秩父宮さまの婚儀
1928(大正13)年9月28日金曜日午前10時40分、皇居・奥御殿にある食堂。
いつも食堂に置かれているテーブルと椅子は片付けられ、食堂は急ごしらえの大広間になっている。上座に2つ並んで設けられた席の前に、侍従さんに車いすを押してもらいながら、大元帥の正装姿の兄が到着する。兄が自力で車いすから椅子に移ったタイミングで、鮮やかなグリーンの大礼服をまとった節子さまが食堂に現れ、自分の席に座る。いつも表御殿で行われている婚儀後の朝見の儀と同じように、侍従長の奥保鞏さんや侍従武官長の鈴木貫太郎さん、そして宮内大臣の牧野伸顕さんや私が、食堂の脇の方で立って待っていると、食堂の入り口に1人の青年が現れた。海兵中尉の正装に身を包んだ兄の次男・秩父宮雍仁さまだ。彼の後ろには、先ほど賢所で婚儀を挙げたばかりの勢津子さまがいる。五衣唐衣裳を着た彼女は、秩父宮さまについて、一歩一歩踏みしめるように歩いていた。
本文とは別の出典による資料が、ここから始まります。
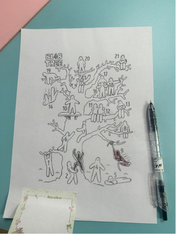 李攀老师借助专业心理工具 “Blob Tree”,让同学们在 “成长树” 上选择代表自己的小人,用隐喻投射的方式,安全外化内心的复杂情绪,卸下心理铠甲,在无评判的氛围中倾诉真实自我。
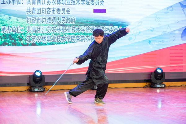 文艺演出以欢快的开场舞《采茶舞》拉开序幕,采茶舞表现了采茶时的欢快情绪,再现了采茶姑娘青春焕发的风貌。演出形式丰富、节目内容新颖,有藏族同学带来的舞蹈《雄鹰展翅》、茶诗朗诵《给语爱茶人》,还有中国传统文化武术、茶艺等表演。期间,周杨维子带来的《我和我的祖国》唱出了青年学子对祖国的深情告白,钱志洋等10名退役军人带来的舞台剧《强军战歌》,他们穿着军装,以英姿飒爽的身影展现了军人的风采,向全场观众展现了新时代农林青年学子的远大抱负。

「本日は、私たちのために婚儀を挙げていただき、誠にありがとう存じます」
やがて、兄と節子さまの前に、勢津子さまと並んで立った秩父宮さまは、大きく、ハッキリした声で兄にお礼を言上する。26歳になった秩父宮さまは、現在、第1艦隊に所属する2等巡洋艦・“鬼怒”に勤務している。特別扱いを嫌い、一般の兵たちと苦楽を共にする姿勢を示す秩父宮さまは、国軍内での評価がとても高い。
秩父宮さまの隣に立つ勢津子さまは19歳、駐米大使・松平恒雄さんの長女……つまり、松平容保さんの孫である。ただし、元々平民籍だったため、恒雄さんの弟・松平保男子爵の養女となり、華族となってから秩父宮さまと結婚した。華族女学校に通っていたこともあるから、華族や皇族に接する機会はたくさんあったと思うけれど、この厳かな雰囲気に馴染めないのか、勢津子さまは傍から見て分かるほど緊張していた。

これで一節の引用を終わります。